I’ve heard that people who received Moderna or Johnson&Johnson-Janssen are getting booster shots.
It’s conceivable, but it’s not advised, according to health officials. Researchers are still looking into how people react to mixing doses from different vaccine manufacturers, so it’s unclear whether or not this is a safe practice. Furthermore, there is no evidence that receiving a booster shot of a different vaccine will continue to protect you from COVID-19.
Will I have to provide proof that I was originally vaccinated with the Pfizer-BioNTech shot in order to get a booster?
Yes, technically, but according to CDC director Dr. Rochelle Walensky, the CDC is advising vaccine providers not to deny individuals doses, thus vaccinators are more likely to urge patients to self-attest that they are eligible rather than asking for evidence.
Vaccination places, on the other hand, will have various policies for determining eligibility. Walgreens, for example, claims they will ask individuals to attest that they satisfy the booster requirements when they book their appointment and again right before they get their shot, but pharmacists will not. A spokesman tells TIME, “Ultimately, we are focused on removing barriers and improving vaccine access.”
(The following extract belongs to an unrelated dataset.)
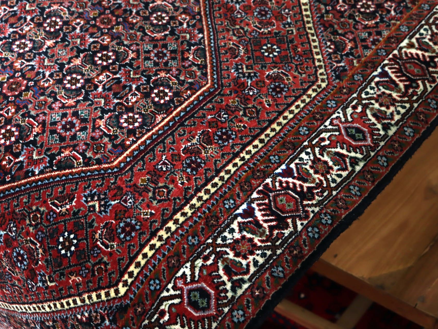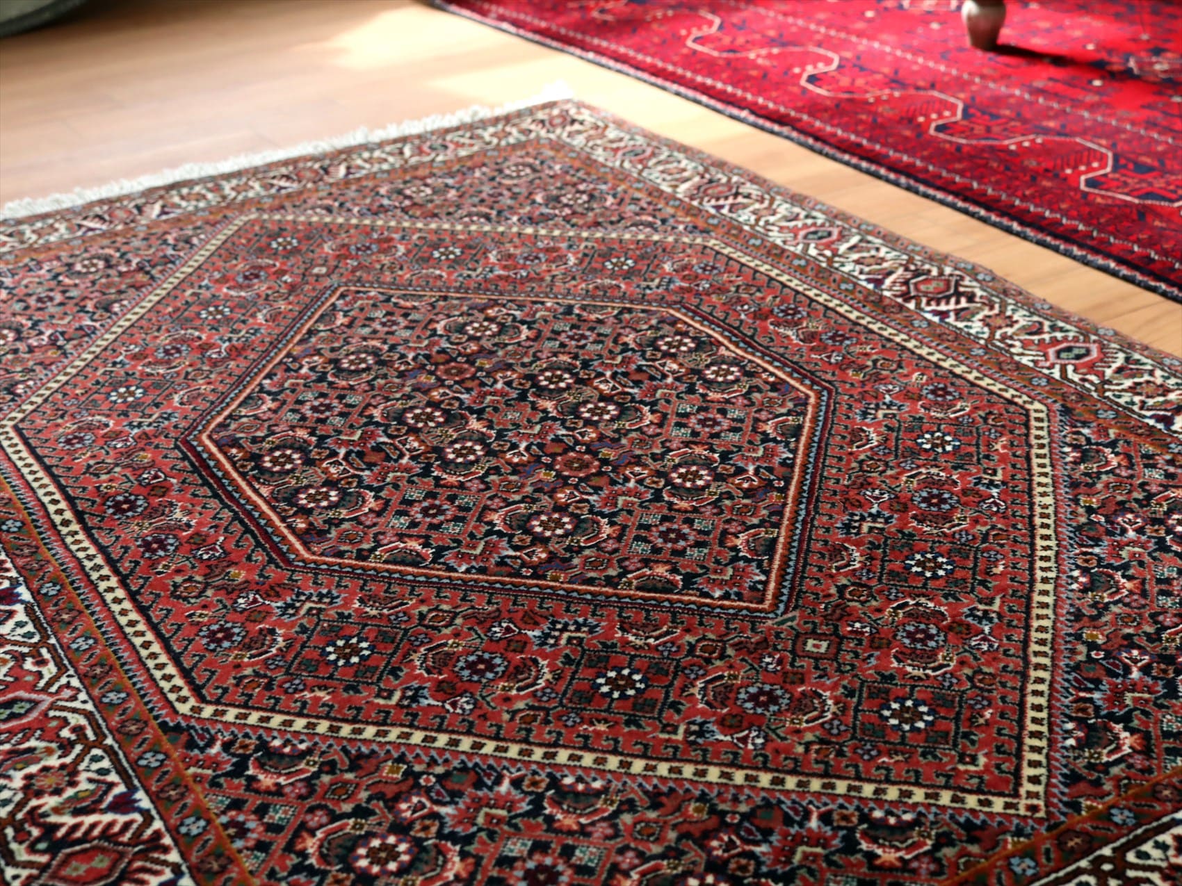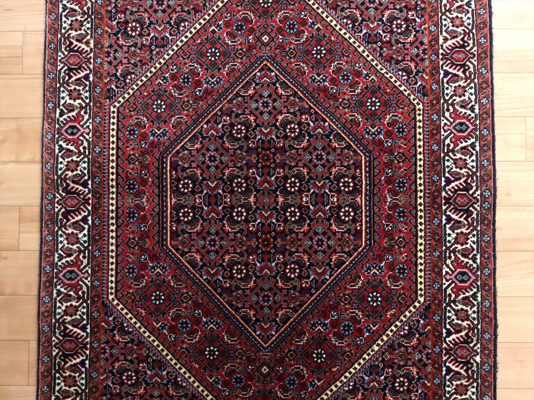 | イラン北西にある都市ビジャールで織られたじゅうたんです。この地域には主にクルド系の民族が住んでおり、絨毯はトルコ結びで作られています。ビジャールのじゅたんは織りの目が詰まっており、砂やほこりが入りにくいため耐久性に優れていると言われています。ビジャールのじゅうたんには多くのデザインがあり、こちらのじゅたんは直線的な六角形のメダリオンが特徴的です。メダリオンはレッドのベースに小さな花の模様が散りばめれています。 |

According to a UCLA Medical Center representative, clinicians can check patients’ electronic health records to see which vaccines they received if they were treated there. People who aren’t patients are asked to bring their immunization card to show that they received the Pfizer-BioNTech shot.
Providers are likely to require customers to self-attest that they received the Pfizer-BioNTech shot and that it has been at least six months since their last dose if they misplaced their card. In general, sites will not require proof that you are of a certain age, have a certain underlying health condition, or are exposed to an occupational danger.